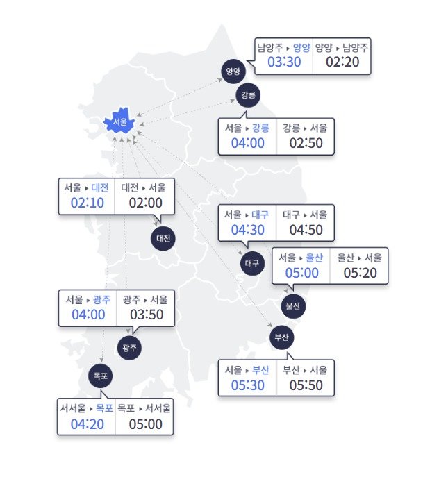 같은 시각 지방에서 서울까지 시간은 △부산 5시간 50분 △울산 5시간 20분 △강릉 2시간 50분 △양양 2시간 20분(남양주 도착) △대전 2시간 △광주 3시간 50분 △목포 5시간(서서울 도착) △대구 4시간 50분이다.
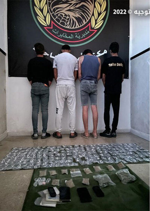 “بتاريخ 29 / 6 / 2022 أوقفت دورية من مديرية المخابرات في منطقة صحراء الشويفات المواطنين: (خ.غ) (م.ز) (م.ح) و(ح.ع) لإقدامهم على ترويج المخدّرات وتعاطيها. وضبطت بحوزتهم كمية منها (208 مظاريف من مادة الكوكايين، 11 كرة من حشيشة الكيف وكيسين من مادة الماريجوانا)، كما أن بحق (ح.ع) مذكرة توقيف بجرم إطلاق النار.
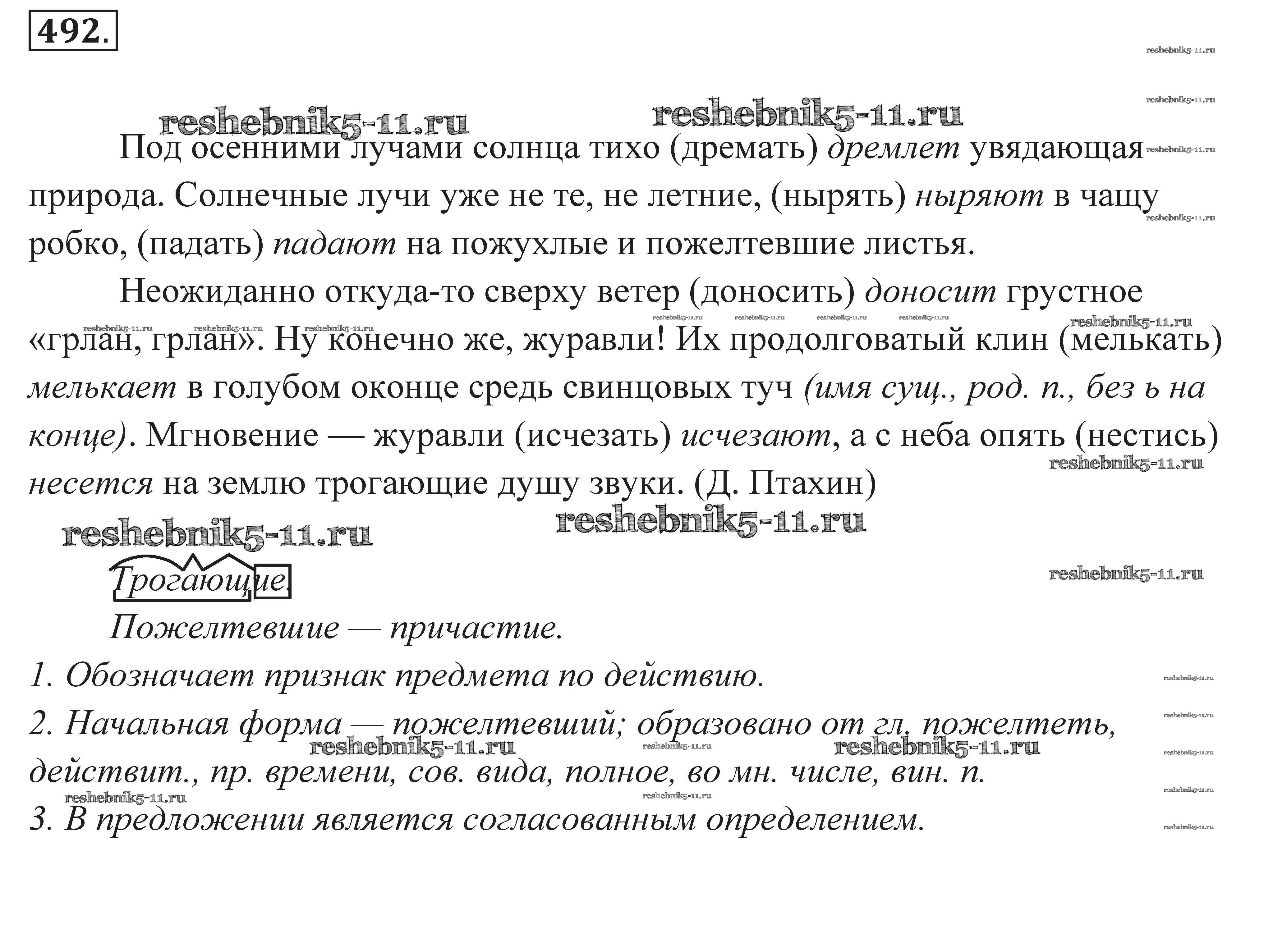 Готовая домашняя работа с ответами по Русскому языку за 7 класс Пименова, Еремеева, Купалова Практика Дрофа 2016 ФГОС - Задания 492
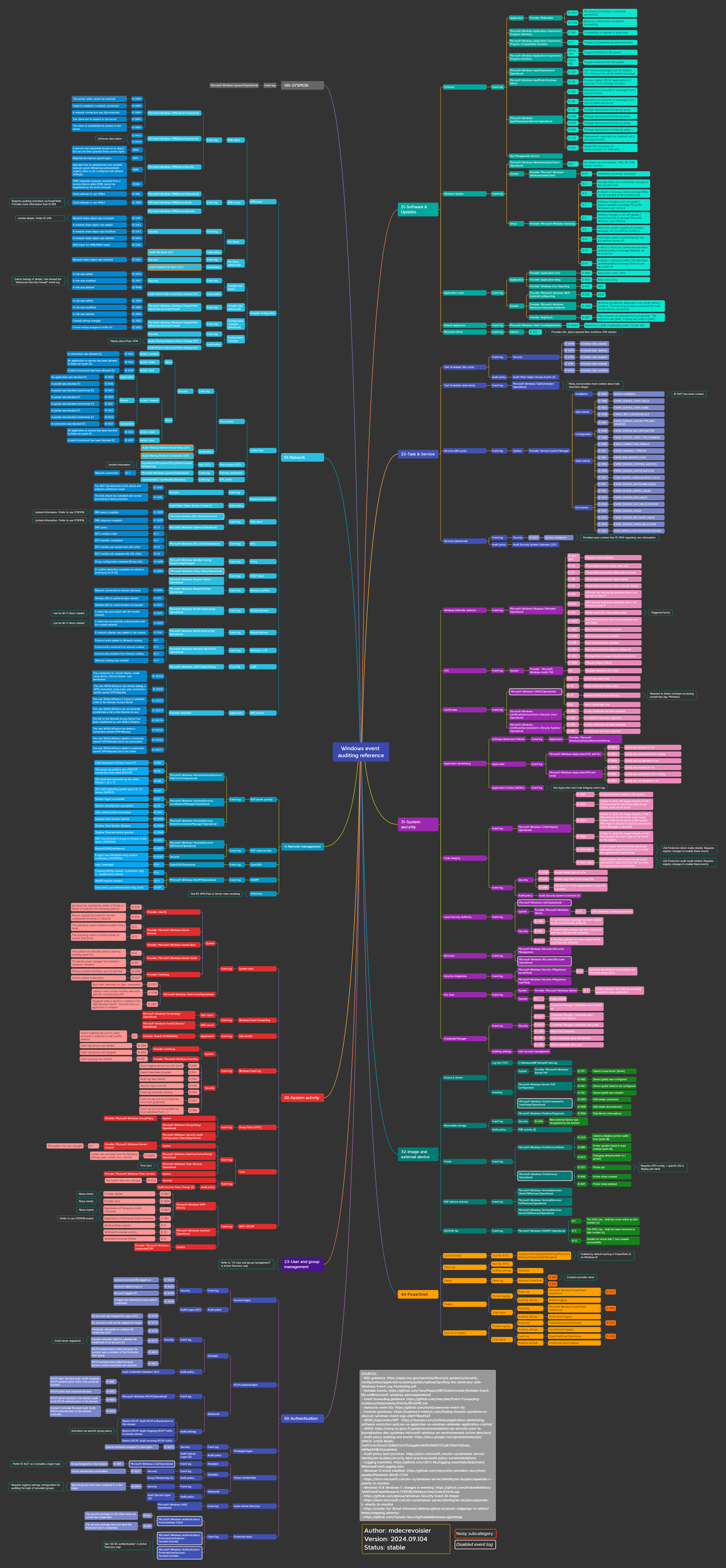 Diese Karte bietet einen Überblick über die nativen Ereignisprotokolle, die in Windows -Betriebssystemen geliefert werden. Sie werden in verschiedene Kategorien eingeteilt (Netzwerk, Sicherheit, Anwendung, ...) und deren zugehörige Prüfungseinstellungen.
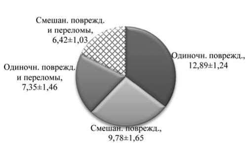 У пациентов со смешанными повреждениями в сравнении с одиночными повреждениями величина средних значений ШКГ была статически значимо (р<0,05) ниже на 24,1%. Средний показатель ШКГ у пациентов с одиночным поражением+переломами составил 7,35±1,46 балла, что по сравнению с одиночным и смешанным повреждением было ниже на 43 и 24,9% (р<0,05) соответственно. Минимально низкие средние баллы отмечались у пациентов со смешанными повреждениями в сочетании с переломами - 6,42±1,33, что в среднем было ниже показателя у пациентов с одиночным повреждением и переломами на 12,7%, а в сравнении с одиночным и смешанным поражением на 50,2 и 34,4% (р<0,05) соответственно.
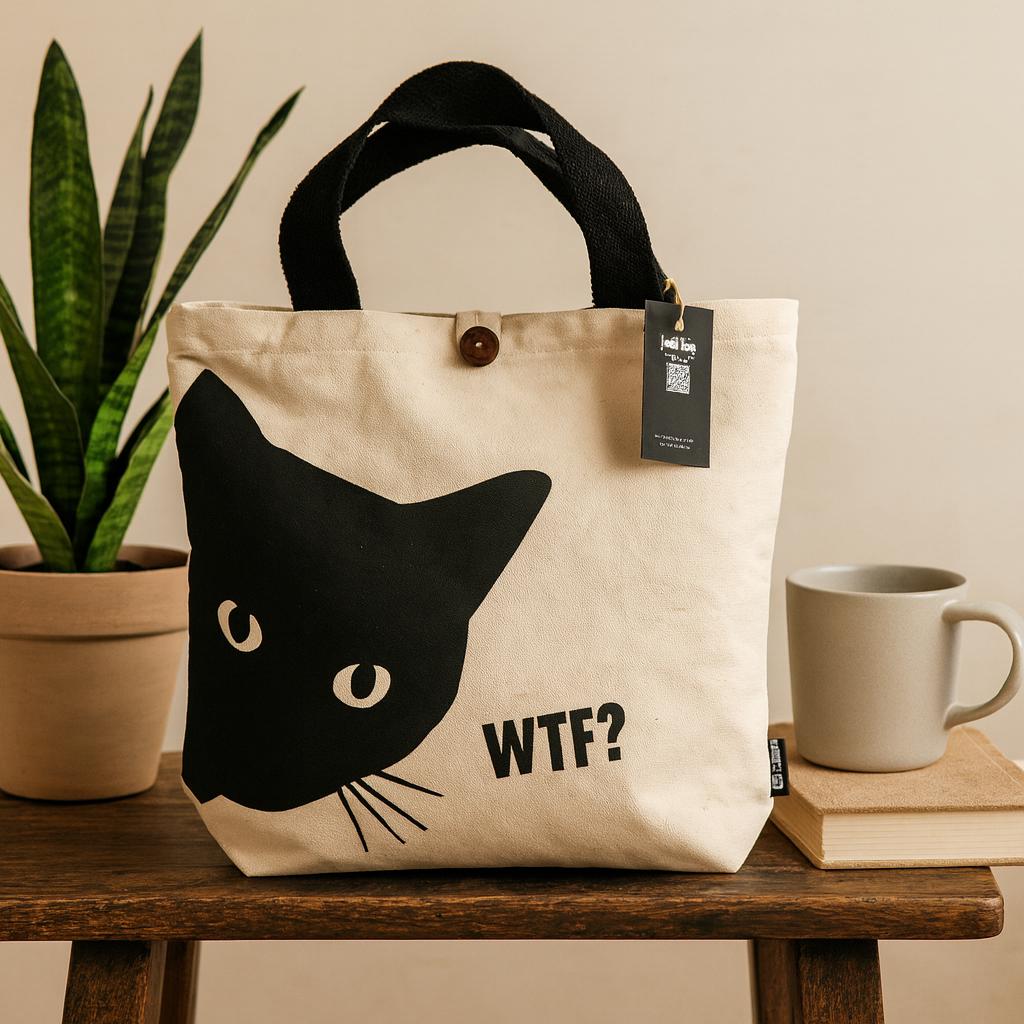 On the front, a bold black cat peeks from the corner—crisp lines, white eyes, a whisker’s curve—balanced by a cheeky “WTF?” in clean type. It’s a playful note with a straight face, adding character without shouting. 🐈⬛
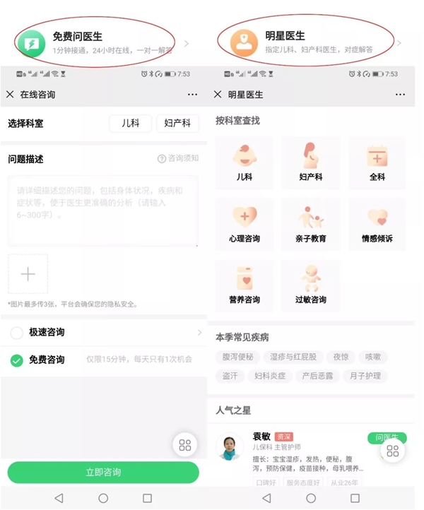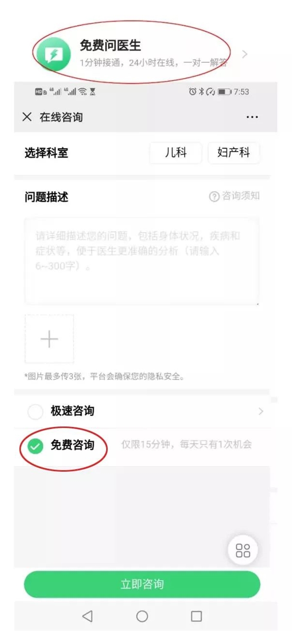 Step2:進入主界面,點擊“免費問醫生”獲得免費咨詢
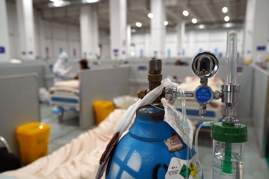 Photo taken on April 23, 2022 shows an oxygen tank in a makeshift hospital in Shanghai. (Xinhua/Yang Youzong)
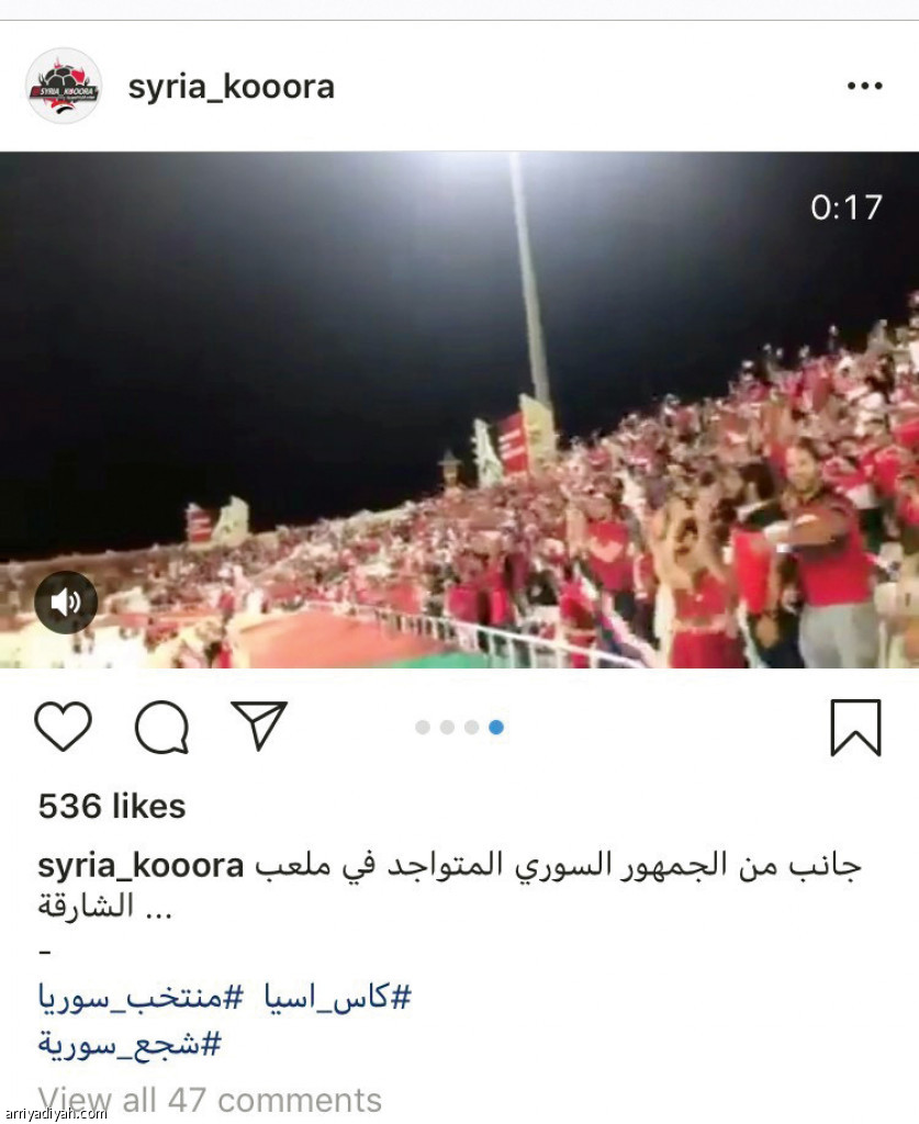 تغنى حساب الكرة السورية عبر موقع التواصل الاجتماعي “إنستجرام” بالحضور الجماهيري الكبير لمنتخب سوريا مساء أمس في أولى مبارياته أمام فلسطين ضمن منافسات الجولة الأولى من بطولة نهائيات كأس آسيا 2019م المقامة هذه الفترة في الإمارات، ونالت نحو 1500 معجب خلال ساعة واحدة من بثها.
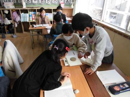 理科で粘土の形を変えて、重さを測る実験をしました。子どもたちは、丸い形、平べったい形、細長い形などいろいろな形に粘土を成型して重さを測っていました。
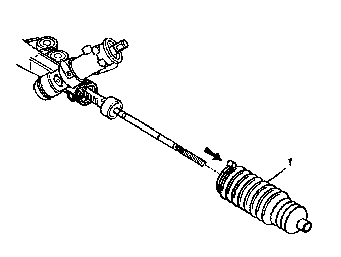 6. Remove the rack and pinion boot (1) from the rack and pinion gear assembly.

#### Prompt
Take the lines of the material above from the first through the one containing "Photo taken on", both included, and print them exactly without the pictures.

#### Answer to this exercise
 같은 시각 지방에서 서울까지 시간은 △부산 5시간 50분 △울산 5시간 20분 △강릉 2시간 50분 △양양 2시간 20분(남양주 도착) △대전 2시간 △광주 3시간 50분 △목포 5시간(서서울 도착) △대구 4시간 50분이다.
 “بتاريخ 29 / 6 / 2022 أوقفت دورية من مديرية المخابرات في منطقة صحراء الشويفات المواطنين: (خ.غ) (م.ز) (م.ح) و(ح.ع) لإقدامهم على ترويج المخدّرات وتعاطيها. وضبطت بحوزتهم كمية منها (208 مظاريف من مادة الكوكايين، 11 كرة من حشيشة الكيف وكيسين من مادة الماريجوانا)، كما أن بحق (ح.ع) مذكرة توقيف بجرم إطلاق النار.
 Готовая домашняя работа с ответами по Русскому языку за 7 класс Пименова, Еремеева, Купалова Практика Дрофа 2016 ФГОС - Задания 492
 Diese Karte bietet einen Überblick über die nativen Ereignisprotokolle, die in Windows -Betriebssystemen geliefert werden. Sie werden in verschiedene Kategorien eingeteilt (Netzwerk, Sicherheit, Anwendung, ...) und deren zugehörige Prüfungseinstellungen.
 У пациентов со смешанными повреждениями в сравнении с одиночными повреждениями величина средних значений ШКГ была статически значимо (р<0,05) ниже на 24,1%. Средний показатель ШКГ у пациентов с одиночным поражением+переломами составил 7,35±1,46 балла, что по сравнению с одиночным и смешанным повреждением было ниже на 43 и 24,9% (р<0,05) соответственно. Минимально низкие средние баллы отмечались у пациентов со смешанными повреждениями в сочетании с переломами - 6,42±1,33, что в среднем было ниже показателя у пациентов с одиночным повреждением и переломами на 12,7%, а в сравнении с одиночным и смешанным поражением на 50,2 и 34,4% (р<0,05) соответственно.
 On the front, a bold black cat peeks from the corner—crisp lines, white eyes, a whisker’s curve—balanced by a cheeky “WTF?” in clean type. It’s a playful note with a straight face, adding character without shouting. 🐈⬛
 Step2:進入主界面,點擊“免費問醫生”獲得免費咨詢
 Photo taken on April 23, 2022 shows an oxygen tank in a makeshift hospital in Shanghai. (Xinhua/Yang Youzong)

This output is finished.